[Opening Records provided section]

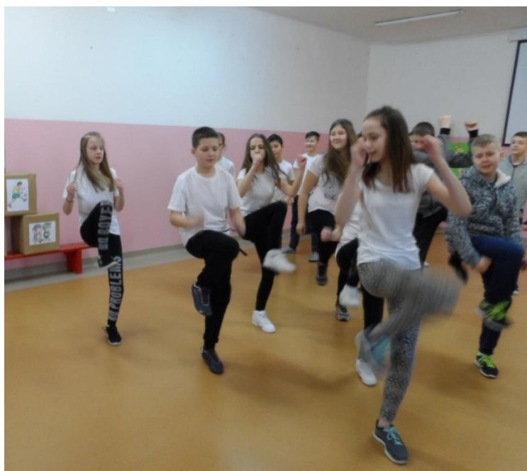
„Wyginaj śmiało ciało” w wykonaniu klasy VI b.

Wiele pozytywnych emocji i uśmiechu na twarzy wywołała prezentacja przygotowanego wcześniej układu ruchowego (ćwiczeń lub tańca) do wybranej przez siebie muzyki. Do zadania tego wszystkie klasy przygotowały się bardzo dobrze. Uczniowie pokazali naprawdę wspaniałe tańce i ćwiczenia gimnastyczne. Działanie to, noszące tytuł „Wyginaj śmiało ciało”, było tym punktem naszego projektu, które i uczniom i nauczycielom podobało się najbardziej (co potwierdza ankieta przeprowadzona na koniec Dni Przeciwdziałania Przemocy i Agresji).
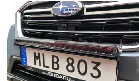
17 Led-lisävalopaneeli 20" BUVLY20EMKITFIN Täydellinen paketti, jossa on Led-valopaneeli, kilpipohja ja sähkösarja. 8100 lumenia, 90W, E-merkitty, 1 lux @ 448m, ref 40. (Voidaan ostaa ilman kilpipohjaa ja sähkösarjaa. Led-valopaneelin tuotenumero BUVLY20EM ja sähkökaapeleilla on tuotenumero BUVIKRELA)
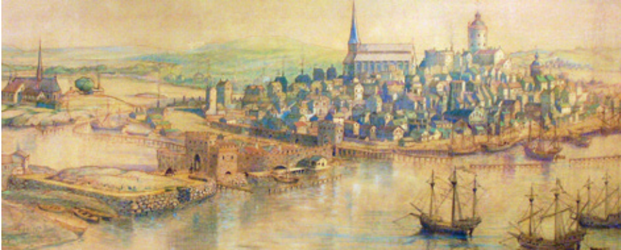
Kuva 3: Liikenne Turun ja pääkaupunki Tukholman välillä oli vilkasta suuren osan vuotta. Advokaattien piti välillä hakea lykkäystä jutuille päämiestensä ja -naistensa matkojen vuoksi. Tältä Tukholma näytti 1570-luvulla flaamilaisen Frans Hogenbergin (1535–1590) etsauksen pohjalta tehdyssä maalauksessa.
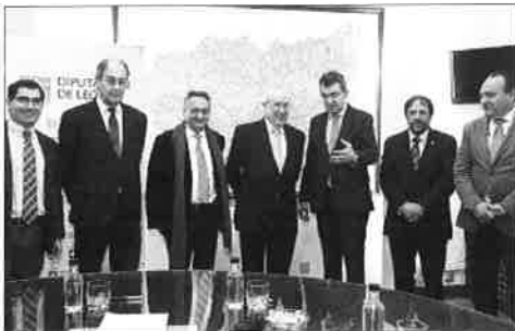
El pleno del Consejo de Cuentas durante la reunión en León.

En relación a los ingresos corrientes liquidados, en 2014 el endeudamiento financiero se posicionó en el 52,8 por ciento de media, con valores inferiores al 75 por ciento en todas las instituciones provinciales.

[Closing Records provided section]
[Opening Records provided section]

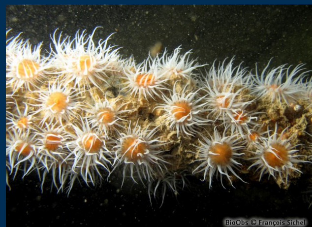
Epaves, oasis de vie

[Closing Records provided section]

**What needs to be done:**
Write out the lines above from the one with "klasy VI b." through the one with "on tuotenumero BUVIKRELA)", ends included, exactly; no picture goes in.

**Completed task:**
„Wyginaj śmiało ciało” w wykonaniu klasy VI b.

Wiele pozytywnych emocji i uśmiechu na twarzy wywołała prezentacja przygotowanego wcześniej układu ruchowego (ćwiczeń lub tańca) do wybranej przez siebie muzyki. Do zadania tego wszystkie klasy przygotowały się bardzo dobrze. Uczniowie pokazali naprawdę wspaniałe tańce i ćwiczenia gimnastyczne. Działanie to, noszące tytuł „Wyginaj śmiało ciało”, było tym punktem naszego projektu, które i uczniom i nauczycielom podobało się najbardziej (co potwierdza ankieta przeprowadzona na koniec Dni Przeciwdziałania Przemocy i Agresji).
17 Led-lisävalopaneeli 20" BUVLY20EMKITFIN Täydellinen paketti, jossa on Led-valopaneeli, kilpipohja ja sähkösarja. 8100 lumenia, 90W, E-merkitty, 1 lux @ 448m, ref 40. (Voidaan ostaa ilman kilpipohjaa ja sähkösarjaa. Led-valopaneelin tuotenumero BUVLY20EM ja sähkökaapeleilla on tuotenumero BUVIKRELA)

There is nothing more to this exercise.